As much as the U.S. foreign-policy establishment may not like it, there are certain issues Washington can’t change. This is especially the case with events occurring near Russia’s borders. Belarus is one example. While the United States and its European allies would love to see the autocratic Belarus turn into a pro-Western democracy, Moscow will not tolerate such a shift given the extensive interests it has at stake. The United States has little power to alter the status-quo in Minsk—and what power it does possess is dwarfed by the billions of dollars in loans and fuel subsidies Russia provides to the Belarusian government. If anything, active U.S. involvement on behalf of the demonstrations in Minsk is more likely to elicit deeper Russian involvement in the country.
As Ukraine has shown, Moscow is willing and able to expend military resources and deal with the economic consequences of its decisions when intervention serves its own national interest. More than six years after the pro-Russia Viktor Yanukovych was deposed by a popular rebellion, Ukraine remains in a state of internal conflict due in large measure to Russia’s military and financial support to separatist units in the east of the country. The enactment of numerous U.S. sanctions and the export of anti-tank weapons to Kyiv have done nothing to change the situation on the ground or persuade Moscow to soften its position. After all, Ukraine is far more important to Moscow than it is to Washington—and thus Russia is willing to invest more than the United States ever could.

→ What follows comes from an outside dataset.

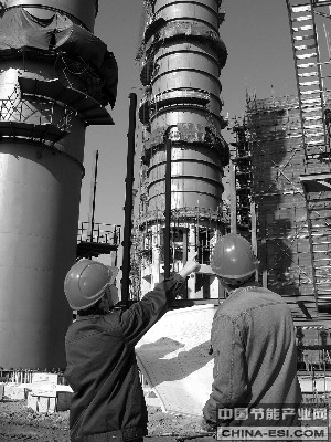 为消除装置安全隐患,实现节能降耗,增强竞争能力,大庆石化公司正在进行常减压节能改造项目的建设。目前塔框架、钢结构完成了百分之六十,常压塔完成五段施工任务,减压塔完成四段施工任务。该项目将通过提高原油炼制技术水平改善装置馏分质量,降低全厂综合能耗,解决现有常减压装置安全隐患,增加经济效益。图为炼油厂原常减压装置人员正在对照图纸查看施工现场情况。
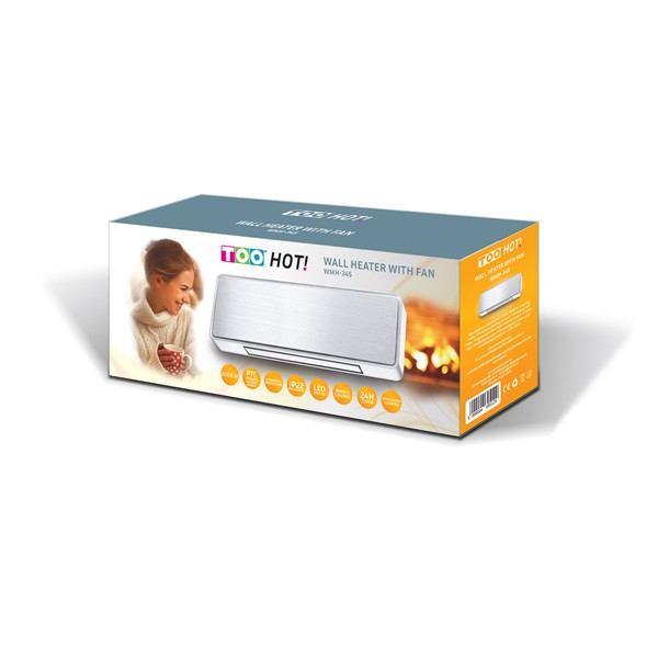 A TOO Hot! WMH-345 falra szerelhető ventilátoros fűtőtest praktikus megoldás otthona melege érdekében. Két fűtési fokozattal rendelkezik, a meleg illetve forró levegő áramlását az állítható lamellák irányítják. Távirányítójával egyszerűen beállíthatja a kívánt hőmérsékletet, amit aztán a beépített LED kijelzőn folyamatosan ellenőrizhet.

The next U.S. administration should keep these examples in mind as it formulates its policy on Russia. Washington must separate what it really needs from Moscow and what it wants; it must be cognizant about how little influence it has in Russia’s neighborhood; and it must understand how an activist U.S. stance in Russia’s near-abroad very often makes the situation more dire. U.S. officials must also be crystal clear to their Russian counterparts about what Russian actions they won’t tolerate—blatant inference in the U.S. system of government being at the top of the list.
U.S. policy should keep in mind that Russia is hardly the one-hundred-foot giant it is often made out to be. In fact, modern-day Russia remains a shell of its former Soviet glory. At $21.3 trillion, the U.S. economy is more than twelve times the size of Russia’s. The United States spends more on missile defense, maritime capabilities and munitions than Russia spends on its entire military. Moscow simply doesn’t have the capacity or financial resources to sustain a large-scale military operation, let alone an occupation of a NATO member state.
While Russia can’t compete with the United States, it can’t be ignored either. The country remains the world’s largest nuclear power with a proud history and a joint force capable of projecting military power. Whether it was Georgia in 2008, Ukraine in 2014 or Syria in 2015, Russia will deploy military force if doing so is required to preserve its geopolitical position.
The next U.S. administration will likely be tempted to tighten the sanctions regime against and make diplomacy with the Russians conditional. This temptation, while popular in the U.S. foreign policy community, should be avoided in favor of selective engagement on issues Washington and Moscow can cooperate on—arms control, public health, military de-escalation, stable trade relations, and non-interference in one another’s domestic affairs to name a few.
A substantive, cool-headed dialogue with Russia can be as tedious as pulling teeth. This, however, doesn’t mean such a dialogue is any less necessary. America should engage with Russia when it can and confront the country when it must because that is the most effective way to stabilize one of the world’s most important bilateral relationships.
Daniel R. DePetris is a fellow at Defense Priorities and a columnist at the Washington Examiner.